Parker commenced work at Pamapuria school, where he was fully registered as a teacher under the recommendation of Hovell. The bulk of Parker's offending occurred between 2006 and 2012 with Parker abusing pupils aged between 8 and 15. This abuse ranged from touching the boys’ genitals to sexual intercourse on two occasions. Despite this, Parker was able to maintain a positive image of himself in the Kaitaia community, being well-loved for his skill on the guitar (with which he led a kapa haka group for children) and his close friendships with parents and families of his pupils, thus leading to claims of abuse being dismissed by the families of his victims.

==Arrest and trial==
In 2009, police investigated complaints from two victims about Parker's offending, however during a second interview the victims retracted their allegations and no charges were laid. In light of this, police sent a letter to the school urging that Parker's habit of taking children to his home was inappropriate and of concern. No further action was taken by the school.

Parker continued to target children from vulnerable, impoverished and typically Maori backgrounds at his isolated farm house in Ahipara under the guise of teaching them, only to sexually abuse them. He also slept alongside students during school camps, with one student spotted wearing Parker's underwear one morning. In 2012, one boy came forward to make accusations against Parker to the police, after which he was arrested and put on trial.

Parker initially pleaded guilty to 49 charges of sexual abuse in August 2012, however during the course of police investigations more charges were laid. In April 2013, Parker pleaded guilty to a further 25 offences. These charges included 25 charges of indecent acts with boys under the age of 12 years, 35 of indecent acts on boys aged between 12 and 16 years, four of sexual connection with a child under the age of 12 years, five of sexual connection with a young person aged between 12 and 16 years and five of sexual violation. During his trial, Parker infamously stated that “Those of you who know me well will know that I am not the monster that many will portray me to be.”

Justice Paul Heath sentenced Parker to seven years preventive detention, citing Parker's need for treatment as a factor in relatively short length of the sentence.

==Aftermath==
Whilst under arrest, the New Zealand Teachers’ Council did not deregister Parker, instead of waiting until his sentencing to permanently cancel his registration as a teacher.

As a consequence of his failure to act on allegations of Parkers’ offending in 2009 and the concerns other teachers had regarding his conduct with pupils, along with the mismanagement of the school which allowed for Parkers’ offending, Pamapuria School principal Hovell was found to have committed misconduct on the grounds of neglect and asked not to renew his registration as a teacher.

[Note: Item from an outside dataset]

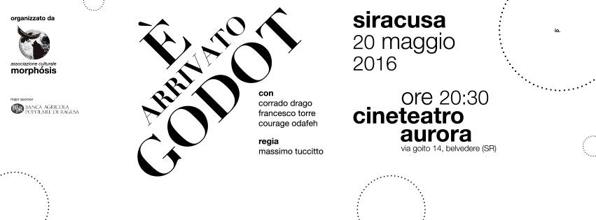 News Siracusa: Tutto pronto, la decennale attesa sarà ripagata. Venerdì alle 20,30 al cineteatro Aurora di Belvedere… “È arrivato Godot”. La riscrittura del capolavoro di Beckett – realizzata con l’aiuto di Gianpaolo Renello, docente di Letteratura all’Università di Salerno ed esperto di Informatica Umanistica e organizzata con l’associazione Morphosìs – sarà messa in scena dal regista e attore siracusano Massimo Tuccitto che salirà sul palco con l’allievo della Fondazione Inda Corrado Drago e la giovane attrice nigeriana Courage Odafeh.
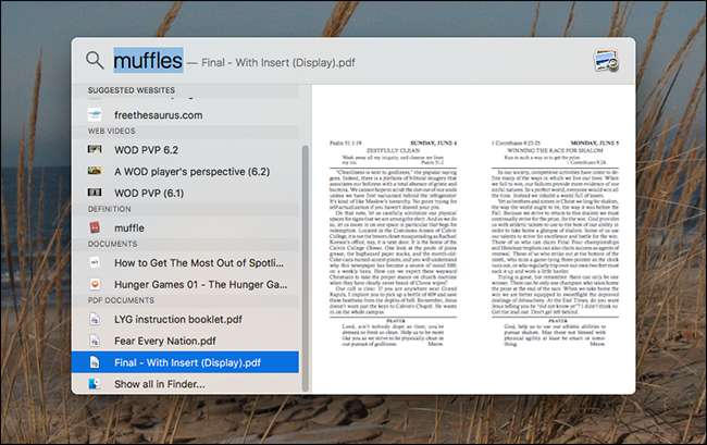 검색은 파일 이름을 확인하지만 문서의 경우 Spotlight는 파일 내부도 확인합니다. 예를 들어, 대학에 돌아와서 저는 Muffles라는 고양이가 "작은"패러디 출판물을 출판하는 것을 도왔습니다. 몇 년 후 Spotlight에서 "Muffles"를 검색하면 파일 이름에 "muffles"가 없더라도 문서가 나타납니다.

The school was subsequently put under the control of a New Zealand Ministry of Education commission and the board of trustees for the school resigned.

On the 29th of November, 2023 James Parker was denied parole for the second time at Rolleston prison, where he is currently serving his sentence. It was revealed that Parker has been working as a janitor in the administration building of the prison and has participated in some controlled releases, but still poses a risk to the community. He will next be eligible for parole in September 2024.

In May 2025, Parker again applied for parole albeit unsuccessfully. It was agreed his eventual release would be in the South Island where he could pursue his dream of working outdoors growing plants or caring for animals. That June, it was reported that further victims of Parker had come forward, adding to 300 known criminal acts. Parker's additional offending involved using a taser to force two young boys to do as he instructed while sexually violating them. The presiding judge described his behaviour as having a "sadistic flavour." Thus, despite being described as on the verge of release and after four failed attempts at parole, these further crimes resulted in an increase in his sentence.